Dolar berakhir sedikit memangkas keuntungannya pada perdagangan hari Rabu setelah mencapai puncak 13 bulan terhadap sekeranjang mata uang karena investor secara singkat menambahkan ke kepemilikan safe-haven mereka dari greenback pada kekhawatiran tentang perlambatan pertumbuhan China dan eksposur Eropa ke Turki. Angka-angka optimis tentang penjualan ritel domestik, output manufaktur dan produktivitas pekerja juga mendukung greenback dan pandangan pertumbuhan ekonomi AS yang stabil.

Penguatan awal dolar memudar ketika euro pulih menyusul berita bahwa Qatar berjanji untuk menginvestasikan $ 15 miliar di Turki. Langkah ini terlihat mendukung sistem perbankan Turki dan mengurangi kecemasan tentang eksposur bank-bank Eropa di Turki. Ini membantu euro untuk rebound dari palung 13 bulan terhadap dolar dan franc Swiss.

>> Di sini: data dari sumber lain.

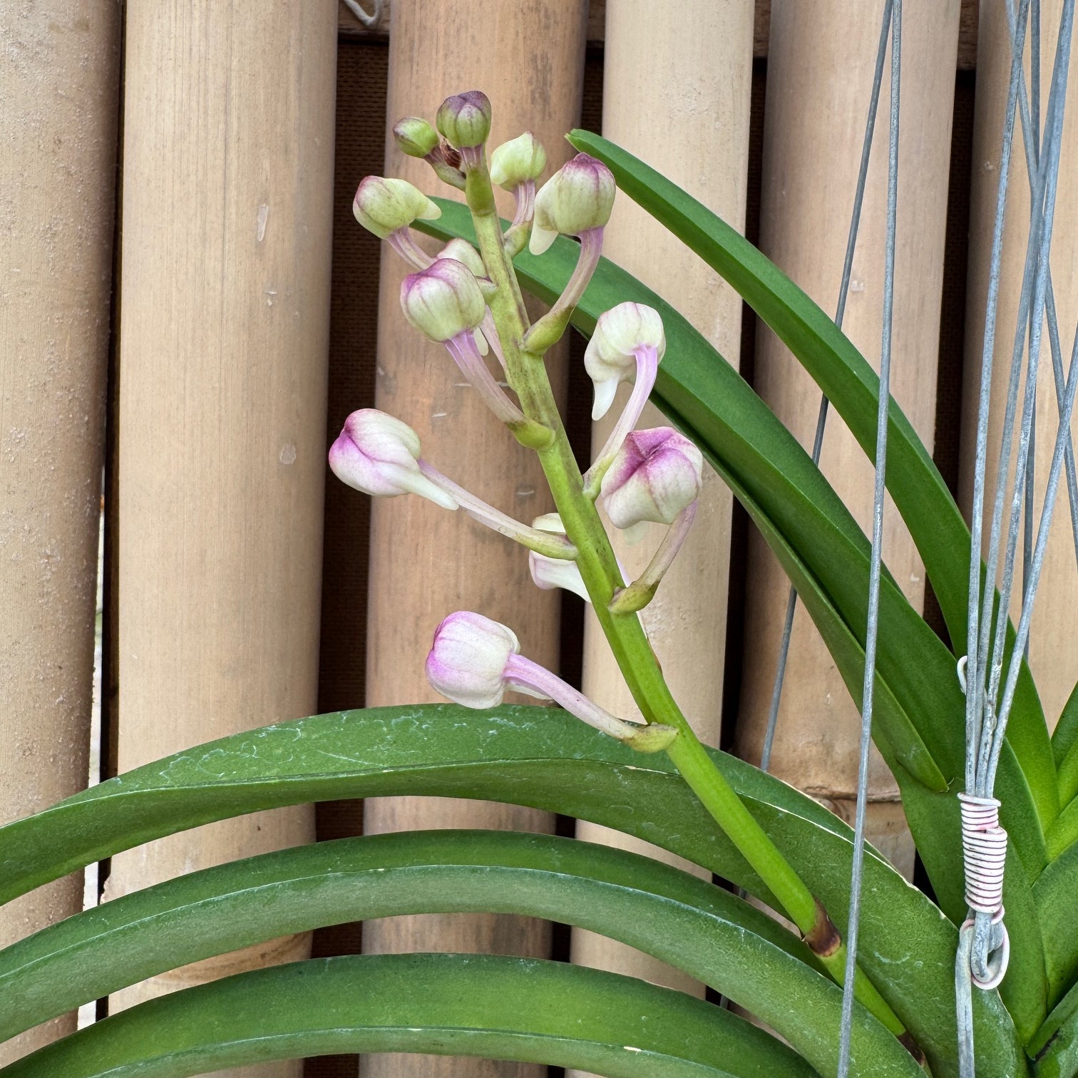 Vandachostylis Jularax--This astonishing Vanda hybrid seedling is not currently producing buds/blooms but will be eager to unveil its beautiful flowers in a blend of violet blue during next year's blooming season. These orchid plants are healthy and vigorously growing eager to blossom! Vanda Jularax Features:

Komitmen keuangan Qatar, bersama dengan pembicaraan yang direncanakan antara pejabat Turki dan Jerman dan harapan untuk mengakhiri ketegangan antara Ankara dan Washington, “adalah perkembangan positif euro,” kata Juan Perez, pedagang mata uang senior di Tempus Consulting di Washington.

Lira Turki tenggelam ke rekor terendah awal pekan ini, didorong oleh kekhawatiran atas kebijakan ekonomi Presiden Tayyip Erdogan dan perselisihan diplomatik dan perdagangan dengan Amerika Serikat.

Indeks yang melacak dolar terhadap enam mata uang utama turun 0,04 persen pada 96.69 di akhir perdagangan AS setelah naik ke 96.98 sebelumnya, yang merupakan tingkat tertinggi sejak Juni 2017.

Euro mencapai $ 1.1301, terendah dalam 13 bulan sebelum bergerak naik ke $ 1.1343, flat pada hari itu.

Sterling mencapai harga terendah 13.5 bulan terhadap dolar meskipun data menunjukkan tingkat inflasi Inggris naik pada bulan Juli untuk pertama kalinya tahun ini, yang turun 0.23 persen pada $ 1.2694.